## Overiew
This project is to train and to finetune pretrained model to become PoetBot.  The goal of this project is to train chatbot that can construct short quote using themes listed in keywords with correct logic and grammar.  For example, given keywords 'friendship, love', model could generate sentences with theme of friendship and love but not necessary contain words of 'friendship' or 'love', like:
   1. There is nothing I would not do for those who are really firends. I have no notion of loving people by halves, it is not my native.
   2. If I had a flower for every time I thought of you... I could walk through my garden forever.
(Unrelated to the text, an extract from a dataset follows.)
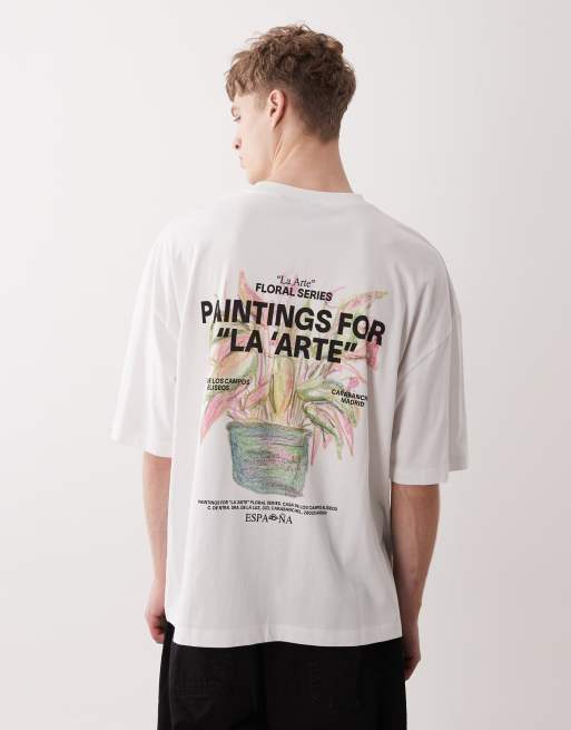 ASOS DESIGN - T-shirt oversize bianca con stampa digitale di fiori

This model is different with general keyword-generation model on:
   1. Number of keywords is not fixed.
   2. Sentence generated is random.

## Related Works
Conditional text/story generation: For task of conditional text or story generation, model usually use all keywords to compromise new sentence or story using seq2seq model with attention mechanism other pretrained model as GPT-3 and BART.
Hierarchial story generation: This task requires to draft story line and then new story is generated based on input story line. Meaningful and detailed sentence would be required as input to generate accurate stories.

## Dataset
Quotes-500k in Kaggle, which stores qoutes with various category tags ranging from love, life to philisophy, motivation to describes quote which categories belong to.

In [1]:
import os
import pandas as pd
import torch
from torch.utils.data import DataLoader
import datasets
from transformers import TrainingArguments, pipeline
from modelscope import AutoModelForCausalLM, AutoTokenizer, GenerationConfig
import trl
from peft import get_peft_model, prepare_model_for_kbit_training, LoraConfig
import deepspeed
from collections import Counter
import json
import datetime

[2024-09-15 02:12:36,699] [INFO] [real_accelerator.py:203:get_accelerator] Setting ds_accelerator to cuda (auto detect)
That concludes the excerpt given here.